[ASSIGNMENT]
When you reach the line below that has "Umschlag - Hohe", start returning lines exactly, and stop after the line that has "Всего в отеле"; skip the pictures.

[DATASET RECORDS]
== == ==

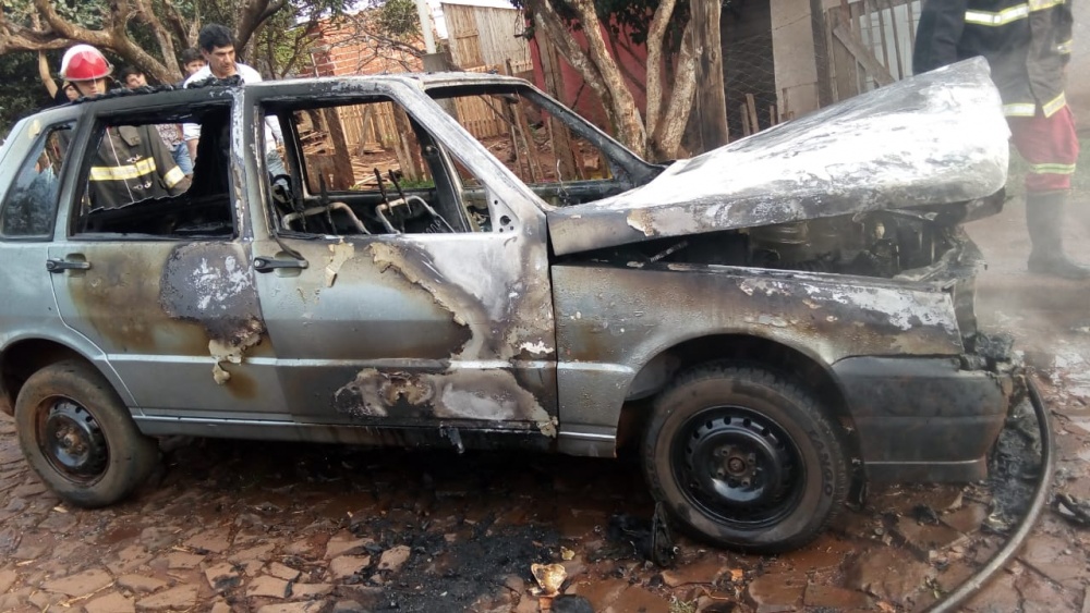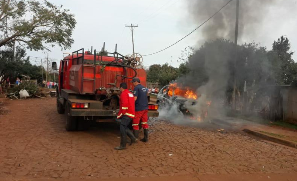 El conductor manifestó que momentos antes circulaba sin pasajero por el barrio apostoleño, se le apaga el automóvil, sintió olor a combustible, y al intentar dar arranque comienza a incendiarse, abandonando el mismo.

== == ==

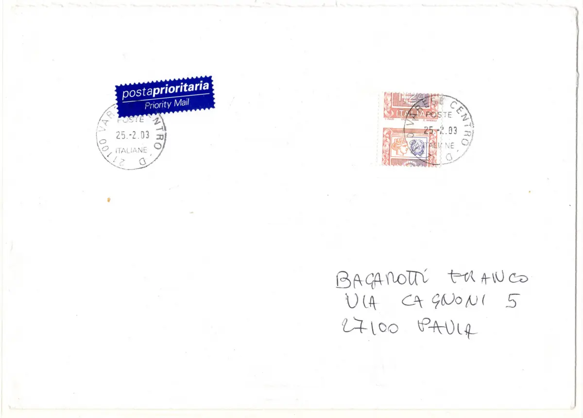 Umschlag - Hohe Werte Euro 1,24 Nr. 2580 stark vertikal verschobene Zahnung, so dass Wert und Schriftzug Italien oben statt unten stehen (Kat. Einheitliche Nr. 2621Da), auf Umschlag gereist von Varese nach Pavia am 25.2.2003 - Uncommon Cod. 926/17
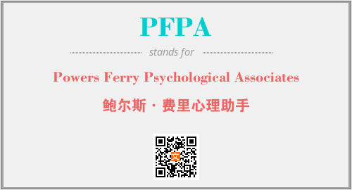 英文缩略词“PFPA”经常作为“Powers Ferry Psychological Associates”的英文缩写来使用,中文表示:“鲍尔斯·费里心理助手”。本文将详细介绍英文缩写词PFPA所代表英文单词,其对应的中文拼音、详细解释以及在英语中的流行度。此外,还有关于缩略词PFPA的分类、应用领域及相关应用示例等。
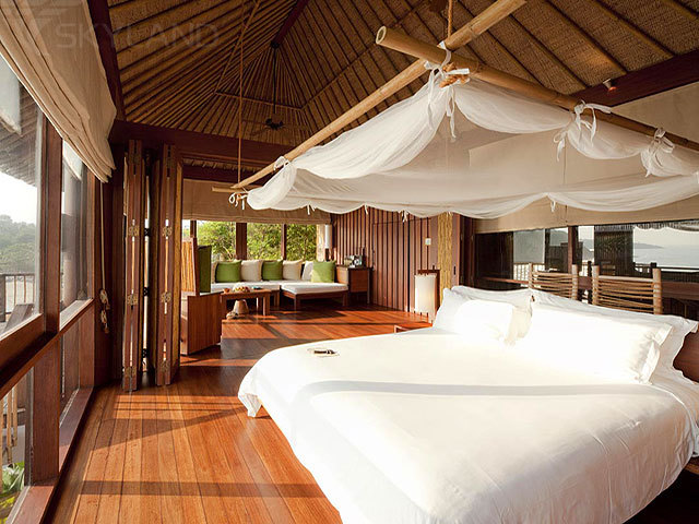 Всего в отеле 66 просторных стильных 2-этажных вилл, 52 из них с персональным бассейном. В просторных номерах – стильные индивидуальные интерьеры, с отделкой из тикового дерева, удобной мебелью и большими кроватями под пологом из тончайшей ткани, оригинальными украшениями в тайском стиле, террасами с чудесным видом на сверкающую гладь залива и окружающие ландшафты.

== == ==

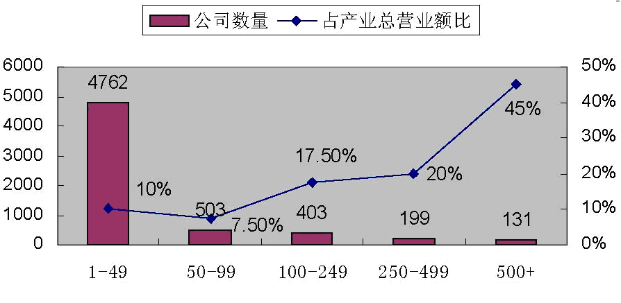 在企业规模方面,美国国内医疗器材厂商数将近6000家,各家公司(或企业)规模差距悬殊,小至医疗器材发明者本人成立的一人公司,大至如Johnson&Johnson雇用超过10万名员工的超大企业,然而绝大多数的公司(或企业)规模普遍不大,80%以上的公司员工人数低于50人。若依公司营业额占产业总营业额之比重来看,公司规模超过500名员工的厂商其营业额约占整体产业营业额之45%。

== == ==

[ANSWER AREA]
 Umschlag - Hohe Werte Euro 1,24 Nr. 2580 stark vertikal verschobene Zahnung, so dass Wert und Schriftzug Italien oben statt unten stehen (Kat. Einheitliche Nr. 2621Da), auf Umschlag gereist von Varese nach Pavia am 25.2.2003 - Uncommon Cod. 926/17
 英文缩略词“PFPA”经常作为“Powers Ferry Psychological Associates”的英文缩写来使用,中文表示:“鲍尔斯·费里心理助手”。本文将详细介绍英文缩写词PFPA所代表英文单词,其对应的中文拼音、详细解释以及在英语中的流行度。此外,还有关于缩略词PFPA的分类、应用领域及相关应用示例等。
 Всего в отеле 66 просторных стильных 2-этажных вилл, 52 из них с персональным бассейном. В просторных номерах – стильные индивидуальные интерьеры, с отделкой из тикового дерева, удобной мебелью и большими кроватями под пологом из тончайшей ткани, оригинальными украшениями в тайском стиле, террасами с чудесным видом на сверкающую гладь залива и окружающие ландшафты.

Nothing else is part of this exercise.